What the task asks – Return exactly those lines of the material below that fall between the line holding "Passwords of the" and the line holding "天玑9200+ 第三代骁龙7+ 天玑8200", inclusive.

Source material –
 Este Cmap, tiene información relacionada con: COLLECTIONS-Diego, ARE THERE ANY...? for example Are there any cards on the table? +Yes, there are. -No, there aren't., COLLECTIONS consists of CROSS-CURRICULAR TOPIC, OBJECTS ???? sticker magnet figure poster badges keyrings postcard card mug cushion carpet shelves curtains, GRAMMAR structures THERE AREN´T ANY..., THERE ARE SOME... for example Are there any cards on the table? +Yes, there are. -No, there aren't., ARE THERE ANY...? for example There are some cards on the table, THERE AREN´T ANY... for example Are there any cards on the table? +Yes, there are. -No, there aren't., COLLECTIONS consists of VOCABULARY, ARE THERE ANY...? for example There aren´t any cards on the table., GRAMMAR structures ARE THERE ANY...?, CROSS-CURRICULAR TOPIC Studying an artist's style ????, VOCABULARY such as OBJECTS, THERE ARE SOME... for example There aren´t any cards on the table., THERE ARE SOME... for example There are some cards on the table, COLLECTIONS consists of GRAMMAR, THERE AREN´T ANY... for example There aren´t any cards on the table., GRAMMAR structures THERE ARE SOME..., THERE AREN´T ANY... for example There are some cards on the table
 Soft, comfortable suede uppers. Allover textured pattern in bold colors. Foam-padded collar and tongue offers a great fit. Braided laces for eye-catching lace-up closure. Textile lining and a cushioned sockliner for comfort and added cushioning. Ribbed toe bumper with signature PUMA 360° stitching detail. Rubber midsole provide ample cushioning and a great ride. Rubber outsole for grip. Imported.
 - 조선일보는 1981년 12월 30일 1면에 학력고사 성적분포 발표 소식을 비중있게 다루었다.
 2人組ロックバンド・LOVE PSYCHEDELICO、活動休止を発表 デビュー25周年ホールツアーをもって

==

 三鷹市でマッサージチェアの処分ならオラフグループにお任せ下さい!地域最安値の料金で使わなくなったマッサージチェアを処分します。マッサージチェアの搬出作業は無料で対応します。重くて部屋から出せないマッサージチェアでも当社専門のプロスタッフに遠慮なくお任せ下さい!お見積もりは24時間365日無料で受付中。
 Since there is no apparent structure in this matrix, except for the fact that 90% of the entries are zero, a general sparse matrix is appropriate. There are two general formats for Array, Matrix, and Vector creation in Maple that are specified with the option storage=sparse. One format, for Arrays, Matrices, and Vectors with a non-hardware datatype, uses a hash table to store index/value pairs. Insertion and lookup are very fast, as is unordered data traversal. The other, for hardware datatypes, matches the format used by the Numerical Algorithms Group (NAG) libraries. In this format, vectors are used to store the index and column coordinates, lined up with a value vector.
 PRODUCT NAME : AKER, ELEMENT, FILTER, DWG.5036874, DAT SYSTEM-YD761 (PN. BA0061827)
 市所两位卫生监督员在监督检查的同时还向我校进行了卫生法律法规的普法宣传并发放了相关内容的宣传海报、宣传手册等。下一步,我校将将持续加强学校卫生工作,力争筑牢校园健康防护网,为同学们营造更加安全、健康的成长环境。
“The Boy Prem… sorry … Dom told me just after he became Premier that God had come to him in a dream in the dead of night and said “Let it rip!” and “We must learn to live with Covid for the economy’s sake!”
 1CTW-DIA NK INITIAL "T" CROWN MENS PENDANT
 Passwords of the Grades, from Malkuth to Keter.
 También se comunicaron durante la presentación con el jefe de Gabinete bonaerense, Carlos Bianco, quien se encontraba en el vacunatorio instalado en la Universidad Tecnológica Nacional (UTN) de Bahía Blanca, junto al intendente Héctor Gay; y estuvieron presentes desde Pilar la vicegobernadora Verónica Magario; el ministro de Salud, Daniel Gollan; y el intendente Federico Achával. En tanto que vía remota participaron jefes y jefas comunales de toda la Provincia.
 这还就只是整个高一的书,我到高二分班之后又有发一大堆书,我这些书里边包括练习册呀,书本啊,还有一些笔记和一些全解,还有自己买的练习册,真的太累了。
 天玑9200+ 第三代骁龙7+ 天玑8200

...

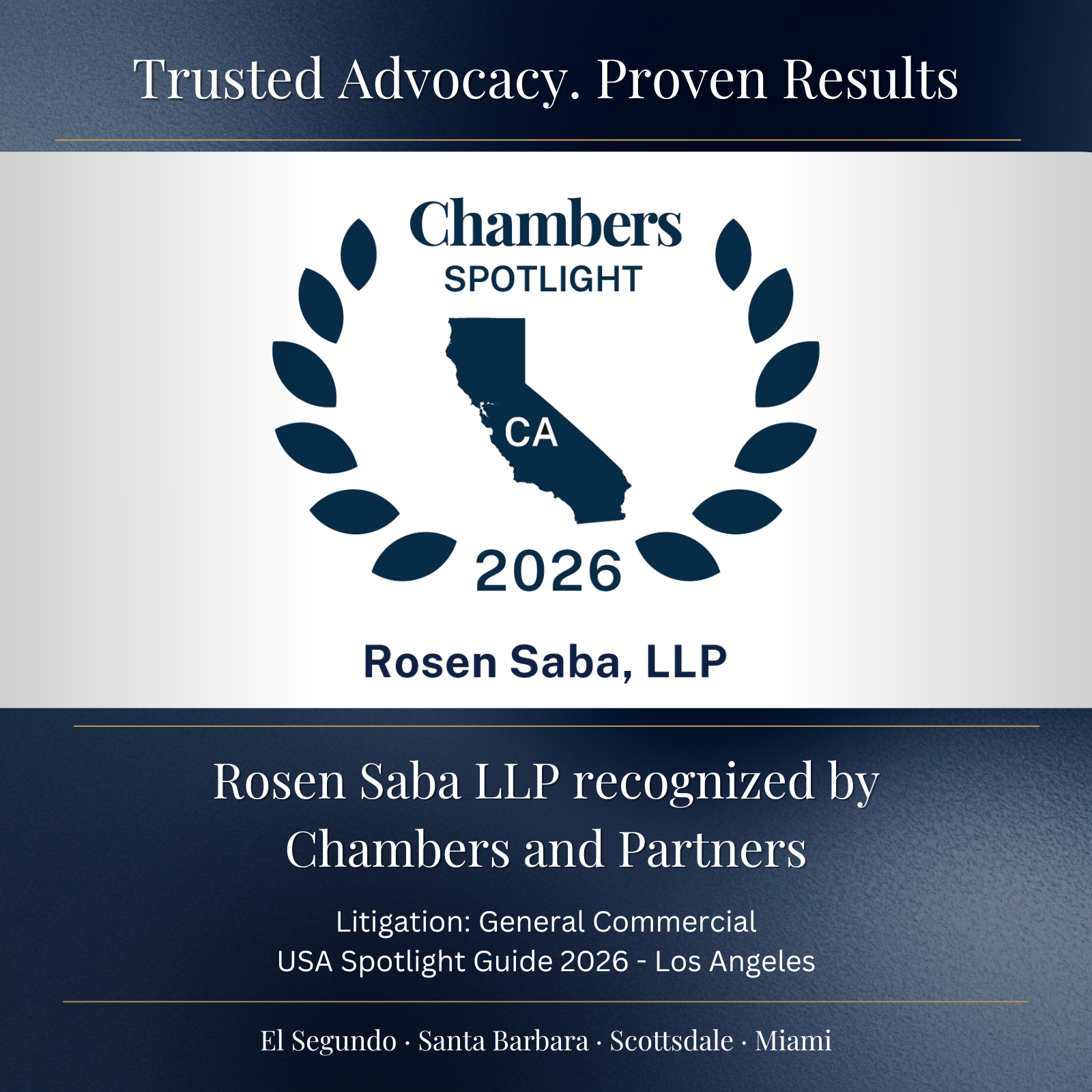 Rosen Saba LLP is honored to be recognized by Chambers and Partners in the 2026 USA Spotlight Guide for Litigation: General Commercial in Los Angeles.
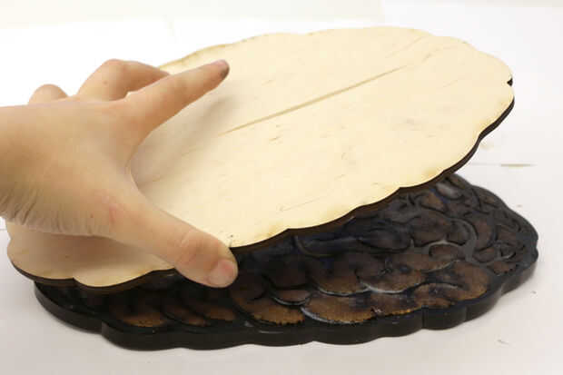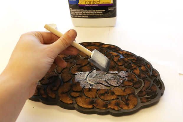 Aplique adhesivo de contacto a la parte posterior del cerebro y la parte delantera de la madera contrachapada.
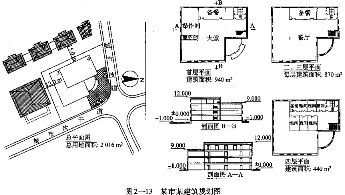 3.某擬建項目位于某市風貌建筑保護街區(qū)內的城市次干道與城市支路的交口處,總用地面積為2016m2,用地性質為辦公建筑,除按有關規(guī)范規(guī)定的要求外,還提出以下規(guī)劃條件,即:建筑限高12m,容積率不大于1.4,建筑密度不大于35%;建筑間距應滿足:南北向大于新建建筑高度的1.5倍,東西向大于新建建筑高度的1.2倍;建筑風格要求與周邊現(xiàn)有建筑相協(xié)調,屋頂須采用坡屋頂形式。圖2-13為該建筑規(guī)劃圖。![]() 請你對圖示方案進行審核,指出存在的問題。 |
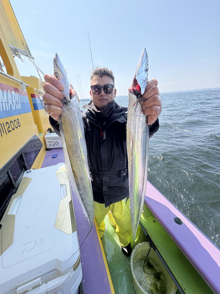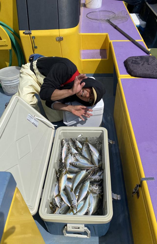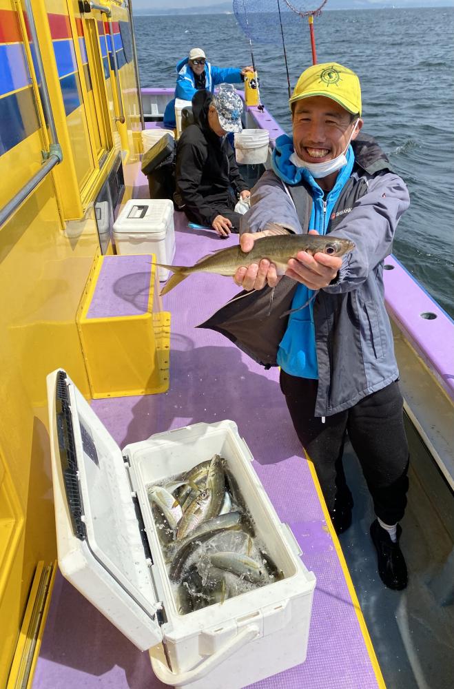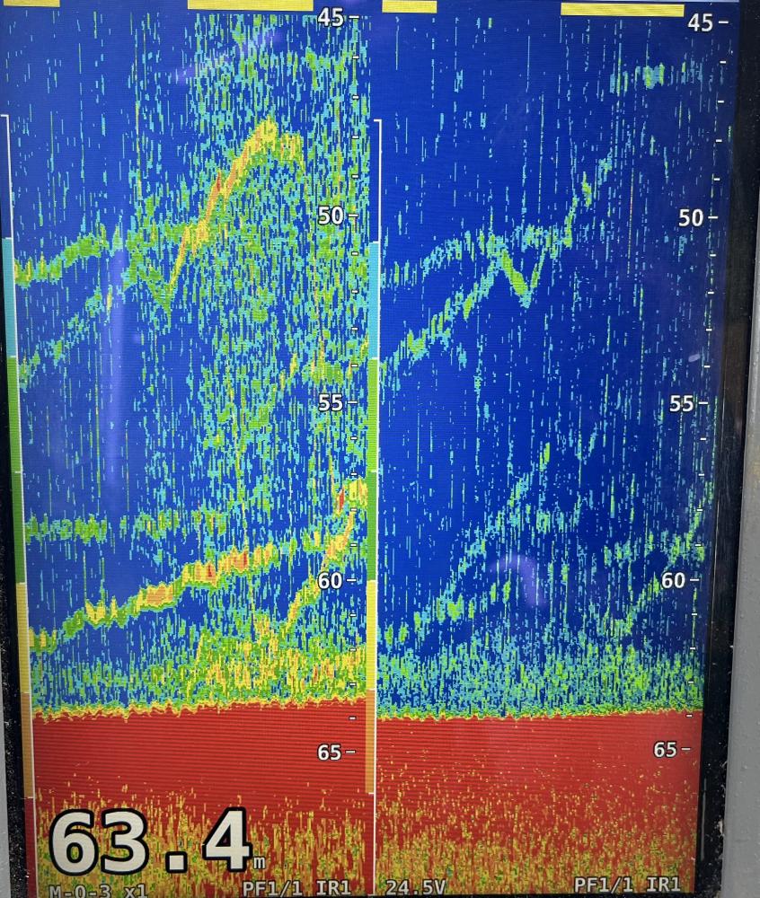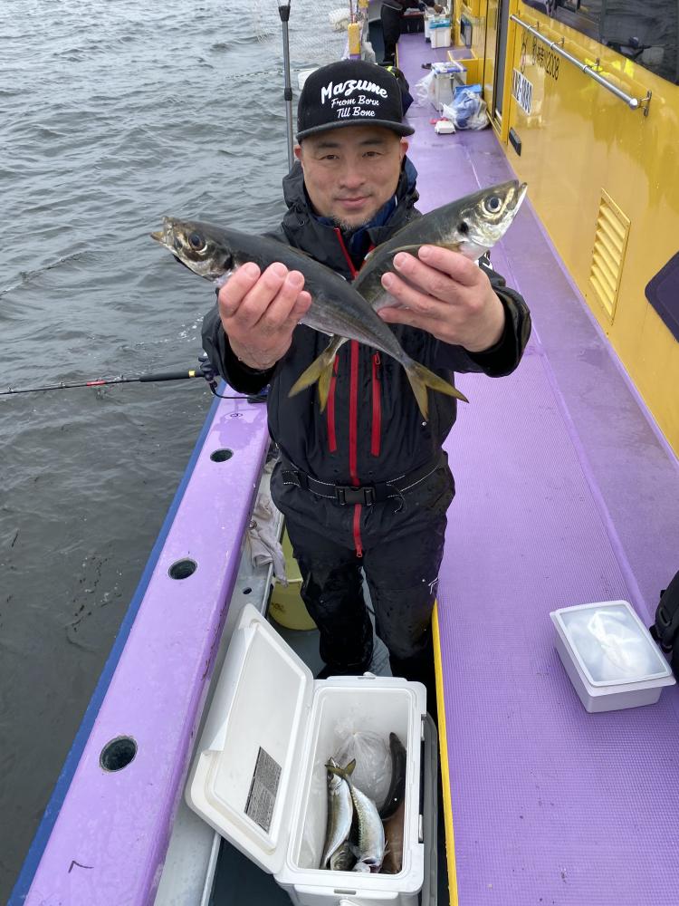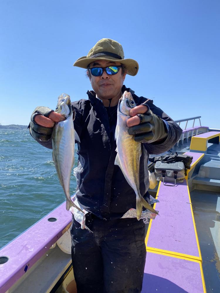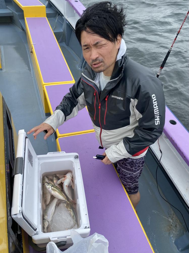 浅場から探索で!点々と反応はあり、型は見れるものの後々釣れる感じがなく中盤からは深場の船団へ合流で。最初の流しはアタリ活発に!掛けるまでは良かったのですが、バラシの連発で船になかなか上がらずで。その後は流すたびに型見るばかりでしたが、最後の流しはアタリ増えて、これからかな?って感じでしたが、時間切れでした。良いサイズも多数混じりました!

Answer to the problem –
 Passwords of the Grades, from Malkuth to Keter.
 También se comunicaron durante la presentación con el jefe de Gabinete bonaerense, Carlos Bianco, quien se encontraba en el vacunatorio instalado en la Universidad Tecnológica Nacional (UTN) de Bahía Blanca, junto al intendente Héctor Gay; y estuvieron presentes desde Pilar la vicegobernadora Verónica Magario; el ministro de Salud, Daniel Gollan; y el intendente Federico Achával. En tanto que vía remota participaron jefes y jefas comunales de toda la Provincia.
 这还就只是整个高一的书,我到高二分班之后又有发一大堆书,我这些书里边包括练习册呀,书本啊,还有一些笔记和一些全解,还有自己买的练习册,真的太累了。
 天玑9200+ 第三代骁龙7+ 天玑8200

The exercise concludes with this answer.